Demi Kemuliaan Allah yang Lebih Besar

Rabu, 30 September 2020 – Peringatan Wajib Santo Hieronimus

161

Lukas 9:57-62

Ketika Yesus dan murid-murid-Nya melanjutkan perjalanan mereka, berkatalah seorang di tengah jalan kepada Yesus: “Aku akan mengikut Engkau, ke mana saja Engkau pergi.” Yesus berkata kepadanya: “Serigala mempunyai liang dan burung mempunyai sarang, tetapi Anak Manusia tidak mempunyai tempat untuk meletakkan kepala-Nya.” Lalu Ia berkata kepada seorang lain: “Ikutlah Aku!” Tetapi orang itu berkata: “Izinkanlah aku pergi dahulu menguburkan bapaku.” Tetapi Yesus berkata kepadanya: “Biarlah orang mati menguburkan orang mati; tetapi engkau, pergilah dan beritakanlah Kerajaan Allah di mana-mana.”

Dan seorang lain lagi berkata: “Aku akan mengikut Engkau, Tuhan, tetapi izinkanlah aku pamitan dahulu dengan keluargaku.” Tetapi Yesus berkata: “Setiap orang yang siap untuk membajak tetapi menoleh ke belakang, tidak layak untuk Kerajaan Allah.”

***

Yang paling penting dalam hidup Yesus adalah taat kepada Bapa dan hidup terus-menerus di hadirat-Nya. Dengan cara demikian, menjadi jelas bagi-Nya apa sebenarnya yang menjadi tugas pengutusan-Nya sehubungan dengan umat manusia.
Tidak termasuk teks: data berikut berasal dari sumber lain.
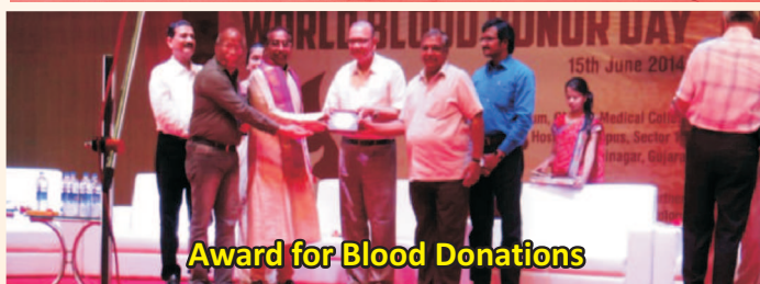
Award for Blood Donations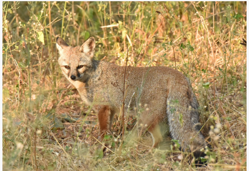
Fox Sighting at the Kuno National Park

Explore wildlife in their own open domain with guided safaris. Spot leopards, deer, blue bucks,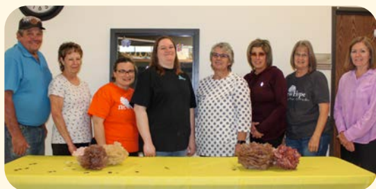
January to March 2024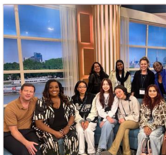
Visit to ITV Studios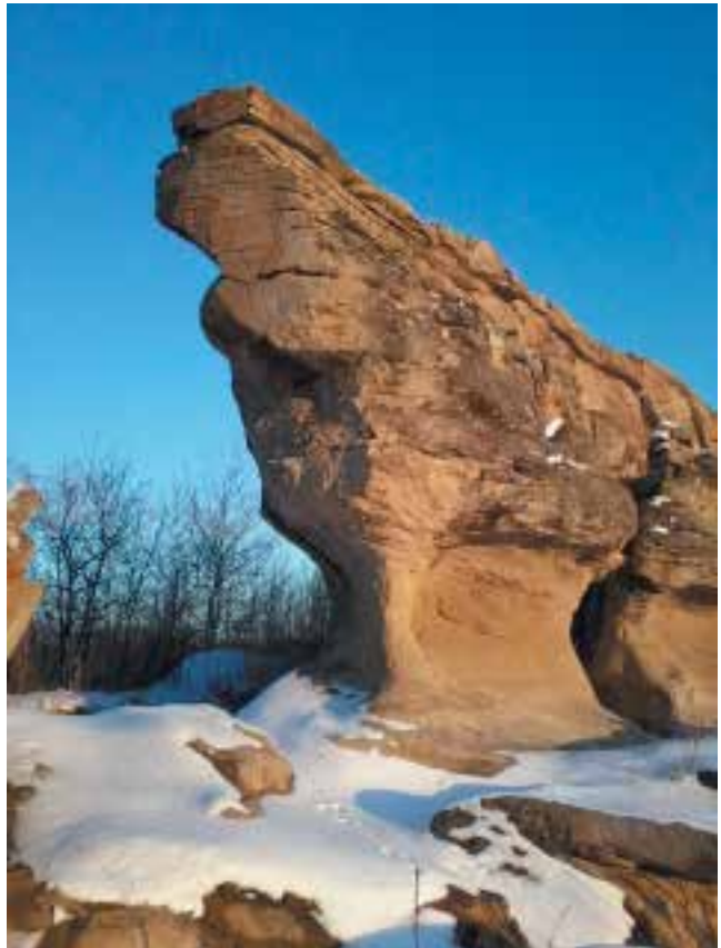
Roche Percee Provincial Historic Park

In conclusion, the development of ecomuseums in Saskatchewan is based on community engagement; consultation and collaborative decision-making that generates participation and support from a broad range of community residents. Community development in this context is viewed as an ongoing negotiation of values and common interests that includes both natural and cultural heritage; both tangible and intangible cultural heritage. Saskatchewan's ecomuseums are locally defined and address contemporary issues and local concerns aligning well with the broader concept of "living heritage" as a dynamic aspect of daily life. There are many ways to contribute to sustainable community development as the various models described in this paper attest. An ecomuseum however, takes a more inclusive, holistic approach and demonstrates "living heritage" in action.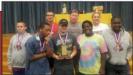
Above: The MSB Boys Track Team and their 3rd Place trophy

Boys scores: AR 219; TN 160; MO 98; KY 76; IN 67.5; IL 62; OH 47; WI 14.5; KS 7.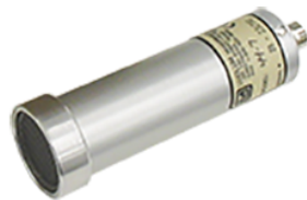
Model 44-7 Alpha Beta Gamma Detector - Ludlum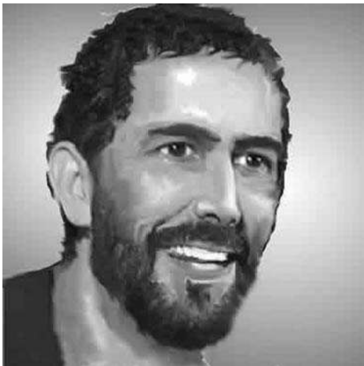
Joseph, father of Jesus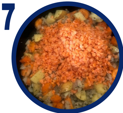
Add the rest of the chopped vegetables and rinsed lentils.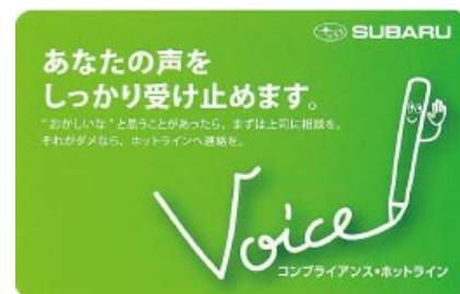
Compliance Hotline Card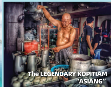
The LEGENDARY KOPITIAM "ASIANG"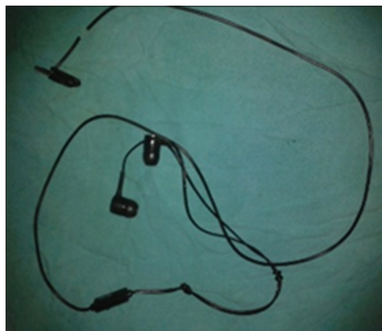
Figure 3: The transected earphone after removal

revealed no psychiatric disturbances. He was followed up in the urologic clinic for 6 months with no sequelae.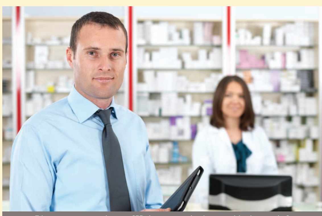
Take a proactive approach to your CPD - have you completed a personal development plan?

The CPD Certification Service (https://cpduk. co.uk/explained) describes continuing professional development as "the learning activities professionals engage in to develop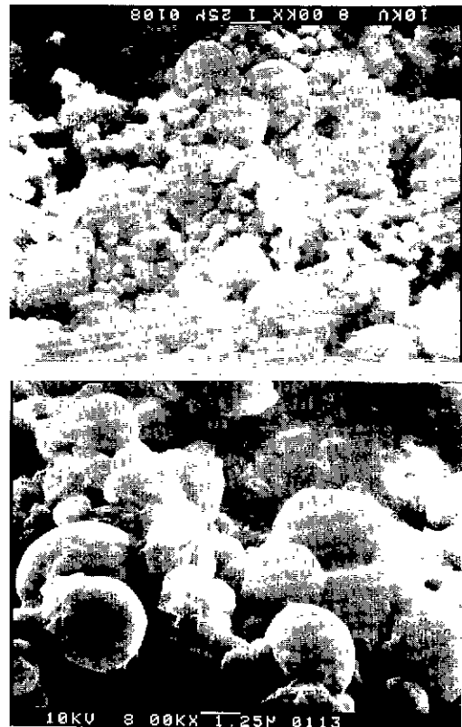
Fig. 2. Morphological differences between healthy and infected exoepithelial tissue of inner abdominal tissue of the hypodermic layer of abdomen of Nilaparvata lugens Stal. by Scanning Electron Microscopy.

Preliminary observation by SEM of intact and/or longitudinal sections of morbid bph revealed that no bacterial cells were present at the surface of intact bph or head of half-cut specimen. Numerous bacteria were apparently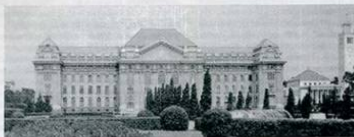
Kossuth Lajos University, Debrecen.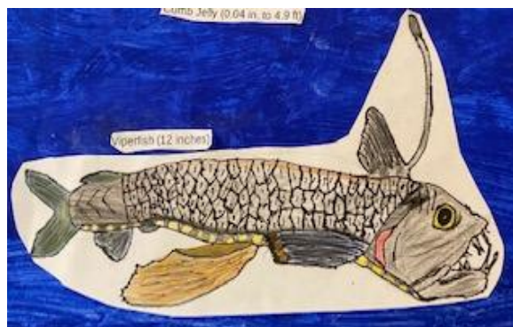
Piper - Middle School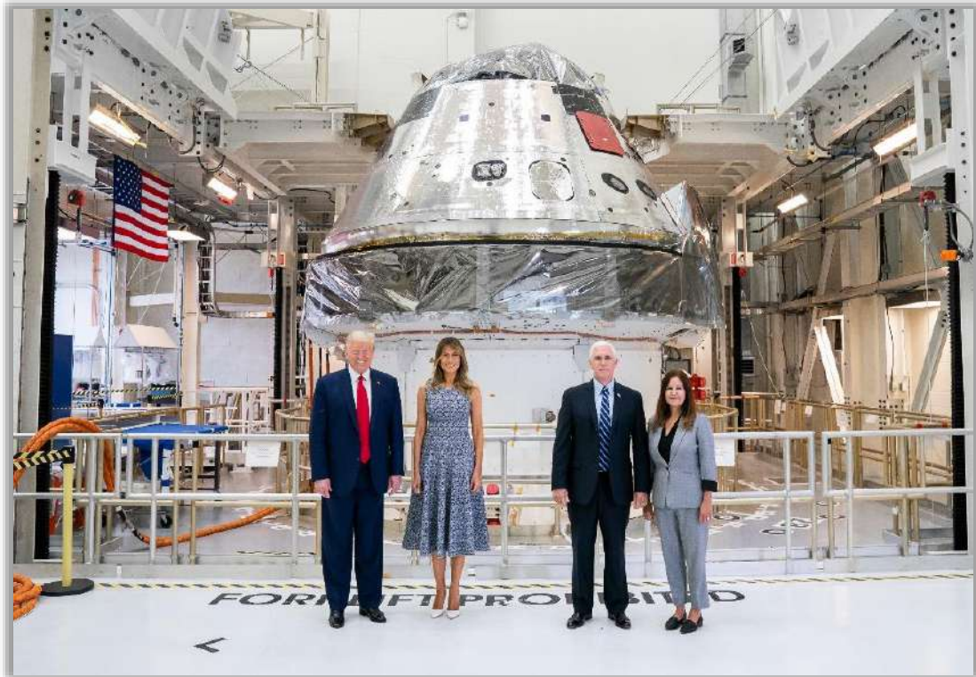
President Donald J. Trump, First Lady Melania Trump, Vice President Mike Pence, and Second Lady Karen Pence in front of the Orion capsule at NASA's Kennedy Space Center on May 27, 2020.

These bold goals were carried forward in the President's Budget Requests, which have resulted in some of the largest NASA budgets since the Apollo Program in the 1960s. Through the Artemis Program, NASA is developing its mission architecture, commercial and international partnerships, and budget requests to ensure the proper resources and programs are in place for sending humans to the surface of the Moon.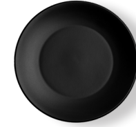
FP235 Dinner Plate (11") 1 Dz.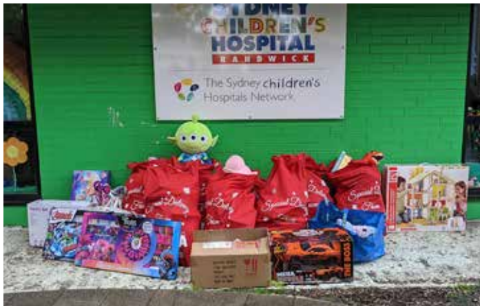
Christmas toy collection for the Sydney Children's Hospital in Randwick

In the lead up to Christmas, the M4-M5 Link Tunnels Project spread the word and quickly gathered up toy donations for the Sydney Children's Hospital in Randwick. The donation drive was driven by one of the Project's site foremen at the St Peters site. The Project collected over eight Santa sacks filled with toys, educational aids and gift cards which were delivered to the hospital on 18 December 2020 to be shared with babies, children and young people who were spending their Christmas in hospital.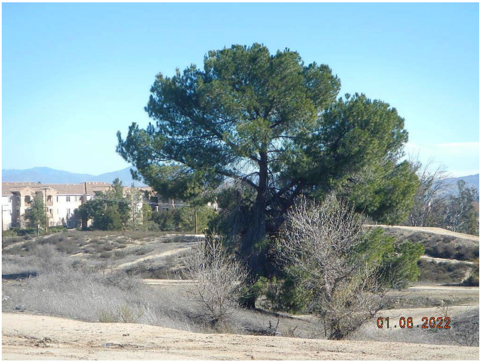
#197 Aleppo pine in a ravine in the central part of the site.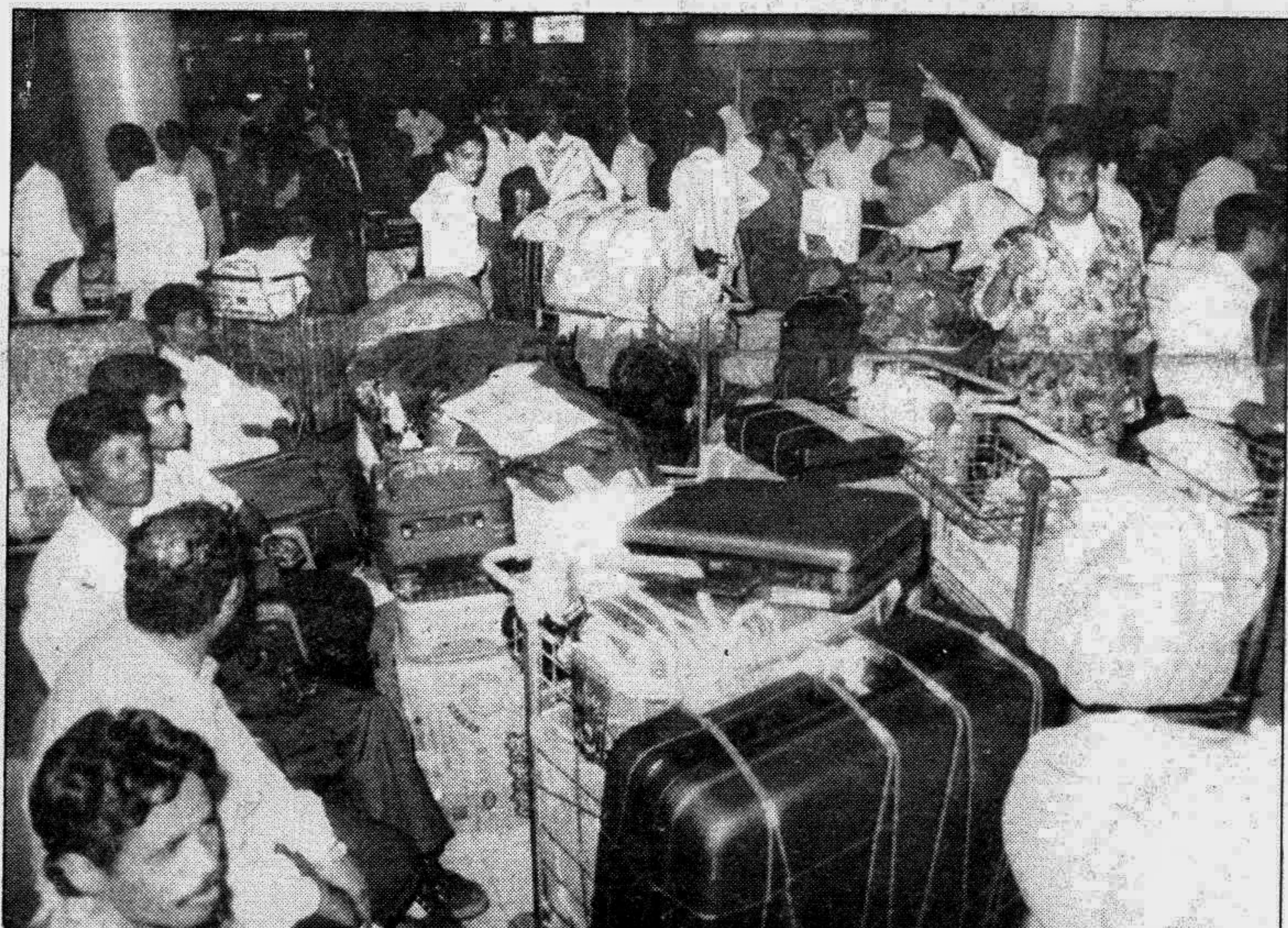
Hartal victims They arrived home, yet couldn't be home. There were about 1500 of them, coming from different parts of the world yesterday, who found themselves camped all day at the arrival lounge of ZIA.

Mungkin kita harus selalu mengingatkan diri kita sendiri bahwa “hukum yang pertama” menuntut kita untuk mencintai Allah dengan segenap hati, jiwa, dan pikiran kita. Apakah kita memang percaya akan hal itu? Tampaknya banyak orang hidup seolah-olah harus memberi kepada sesama segenap hati, jiwa, dan pikiran mereka, sambil berusaha agar tidak melupakan Allah. Sekurang-kurangnya banyak orang merasa bahwa perhatian mereka harus terbagi rata antara Allah dan sesama.

Namun, tuntutan Yesus jauh lebih tegas. Ia menuntut agar kita mengikatkan diri kepada Allah – dan hanya kepada Dia saja – dengan sepenuh hati. Allah menuntut segenap hati, pikiran, dan jiwa kita. Kasih kepada Allah yang tidak tanggung-tanggung inilah yang melahirkan perhatian kepada sesama. Dalam diri Allah, kita berjumpa dengan sesama kita dan menyadari tanggung jawab kita terhadap mereka. Kita bahkan dapat berkata bahwa hanya dalam Allah, sesama kita sungguh menjadi sesama, alih-alih sebagai pengganggu kemerdekaan kita. Hanya dalam dan melalui Allah, pelayanan terhadap sesama menjadi sungguh mungkin.

Marilah kita berdoa: “Tuhan, barangsiapa ingin mengabdi-Mu harus mengikuti-Mu, dan abdi-Mu akan selalu berada di mana pun Engkau sendiri berada. Dia yang mengabdi-Mu akan dimuliakan oleh Bapa-Mu.”

Diolah dari Henri J.M. Nouwen, Tuhan Tuntunlah Aku (Yogyakarta: Kanisius, 1994).